| What the task asks |
What is needed is an exact repetition of the lines from the first one in the data through the line with "첨부 와 하드 케이스", with no pictures.

| Supplied material |

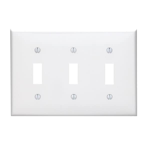 3-Gang Thermoplastic Nylon Toggle Switch Wall Plate, White
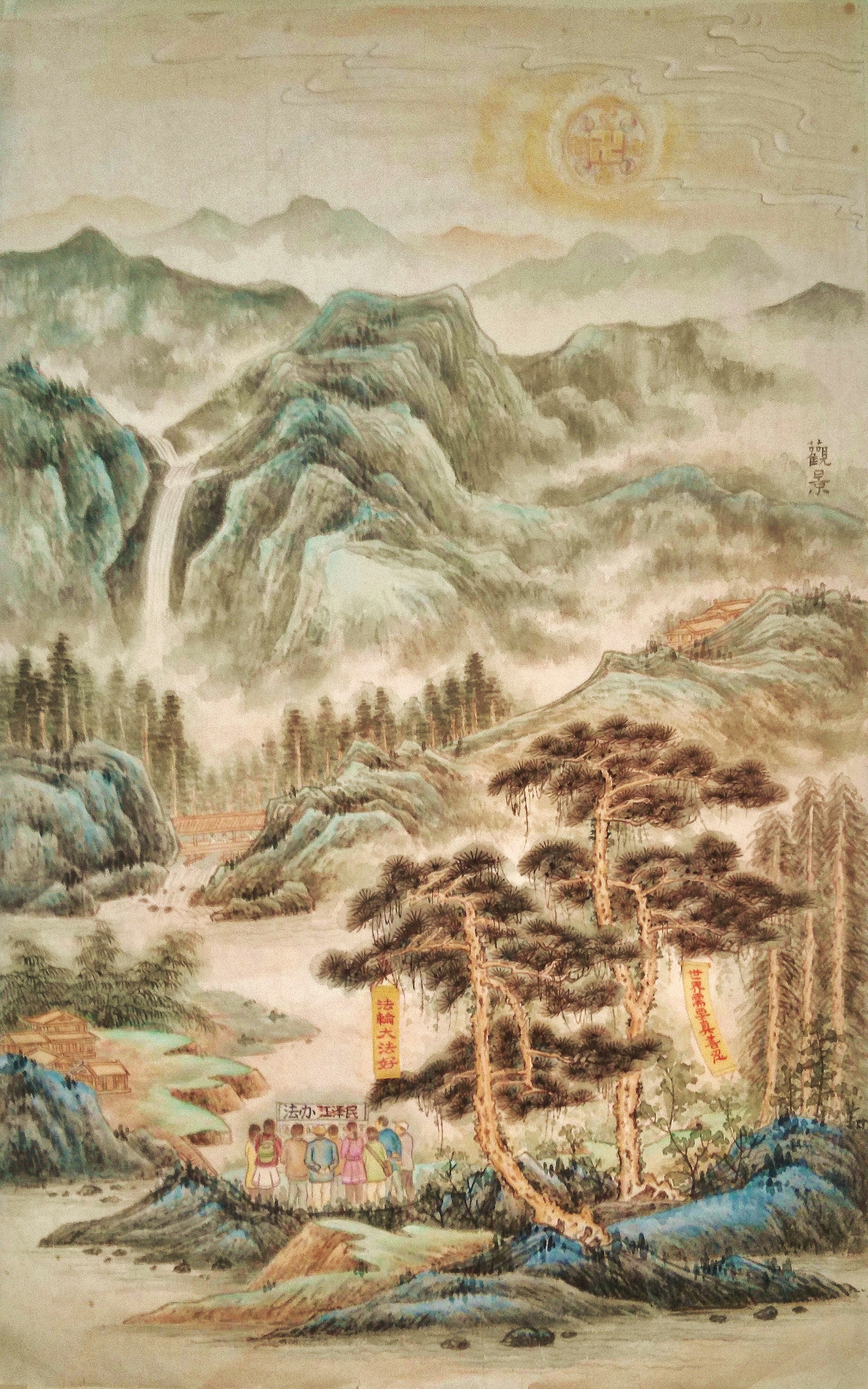 说明:峻岭绿树间,上山观景的人们在观看法轮功学员张贴的“法办江泽民”的真相展板。
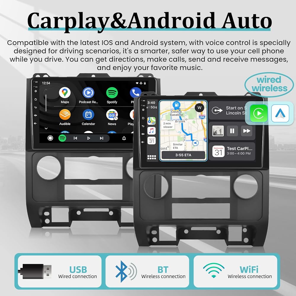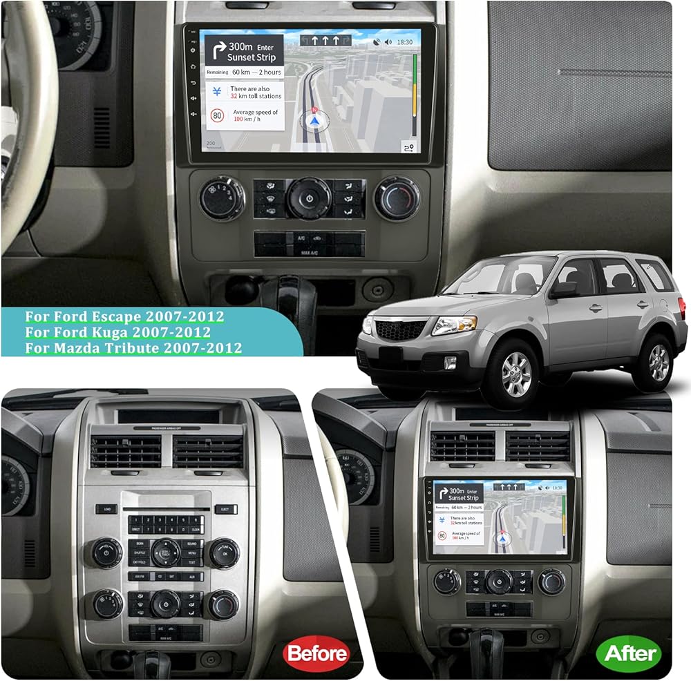 راديو سيارة 2+64G Android 13 لسيارة Ford Escape/Kuga/Mazda Tribute 2007-2012 مع Apple Carplay اللاسلكي وAndroid Auto 9 بوصة 2.5D شاشة تعمل باللمس ستيريو GPS WiFi HiFi + ميكروفون كاميرا احتياطية AHD
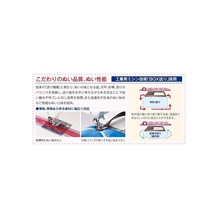 【주요 기능】자동사 컨디션,BOX 보내어 기구,대형 액정 패널,박음질 모양20종류,다이렉트 모양 선택,7매 보내어 이,멈추어 박음질 기능,봉제 스피드900바늘/분,코드 릴식 전원 코드,수납 포켓 첨부 와 하드 케이스
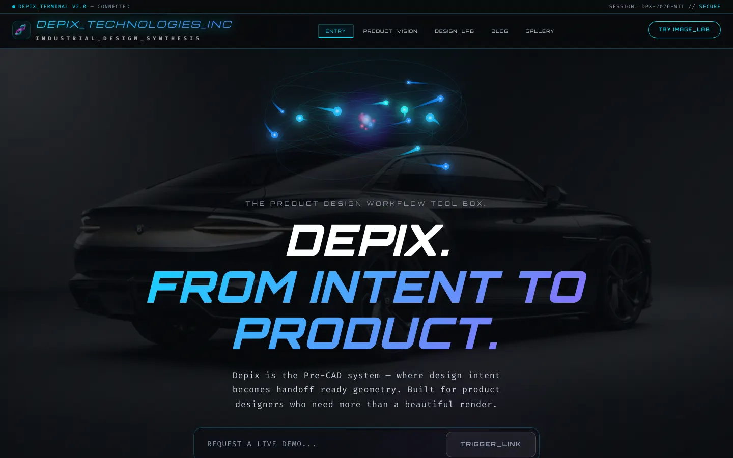 Depix is a product design tool that turns ideas into photorealistic renders and editable 3D models — no sketches, prompts, or CAD required. Faster than KeyShot, smarter than Vizcom.

| Task output |
 3-Gang Thermoplastic Nylon Toggle Switch Wall Plate, White
 说明:峻岭绿树间,上山观景的人们在观看法轮功学员张贴的“法办江泽民”的真相展板。
 راديو سيارة 2+64G Android 13 لسيارة Ford Escape/Kuga/Mazda Tribute 2007-2012 مع Apple Carplay اللاسلكي وAndroid Auto 9 بوصة 2.5D شاشة تعمل باللمس ستيريو GPS WiFi HiFi + ميكروفون كاميرا احتياطية AHD
 【주요 기능】자동사 컨디션,BOX 보내어 기구,대형 액정 패널,박음질 모양20종류,다이렉트 모양 선택,7매 보내어 이,멈추어 박음질 기능,봉제 스피드900바늘/분,코드 릴식 전원 코드,수납 포켓 첨부 와 하드 케이스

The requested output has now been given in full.